▶ Exercise: Starting at the line that contains "Bronze relief af" and stopping after the line that contains "这是10月22日在内蒙古二连浩特口岸拍摄的蒙古国捐赠的羊。", transcribe the listing below exactly; do not include any pictures.

▶ Supplied data:

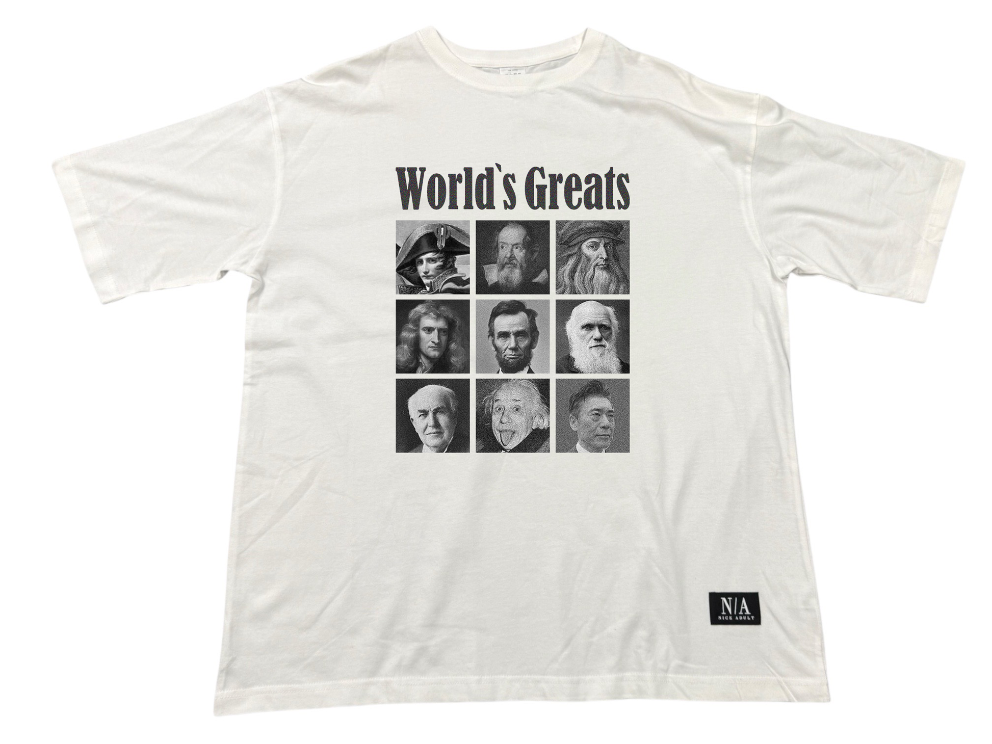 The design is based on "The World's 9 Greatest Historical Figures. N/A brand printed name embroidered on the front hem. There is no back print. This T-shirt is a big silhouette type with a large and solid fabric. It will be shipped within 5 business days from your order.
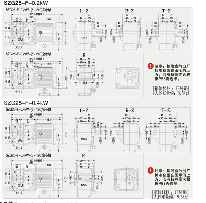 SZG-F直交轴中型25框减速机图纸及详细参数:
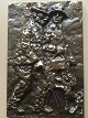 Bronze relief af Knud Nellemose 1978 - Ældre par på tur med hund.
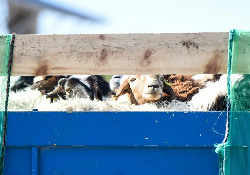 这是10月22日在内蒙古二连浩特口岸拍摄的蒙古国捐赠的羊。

* * *

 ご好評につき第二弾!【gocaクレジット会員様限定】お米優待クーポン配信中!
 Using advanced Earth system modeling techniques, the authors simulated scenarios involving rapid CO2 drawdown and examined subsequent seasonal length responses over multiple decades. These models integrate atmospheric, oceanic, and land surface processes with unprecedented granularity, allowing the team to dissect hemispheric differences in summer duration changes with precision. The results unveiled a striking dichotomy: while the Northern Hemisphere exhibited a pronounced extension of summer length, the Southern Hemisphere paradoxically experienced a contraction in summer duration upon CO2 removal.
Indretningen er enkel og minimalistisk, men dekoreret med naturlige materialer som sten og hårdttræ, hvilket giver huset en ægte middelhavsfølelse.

▶ Answer below:
 Bronze relief af Knud Nellemose 1978 - Ældre par på tur med hund.
 这是10月22日在内蒙古二连浩特口岸拍摄的蒙古国捐赠的羊。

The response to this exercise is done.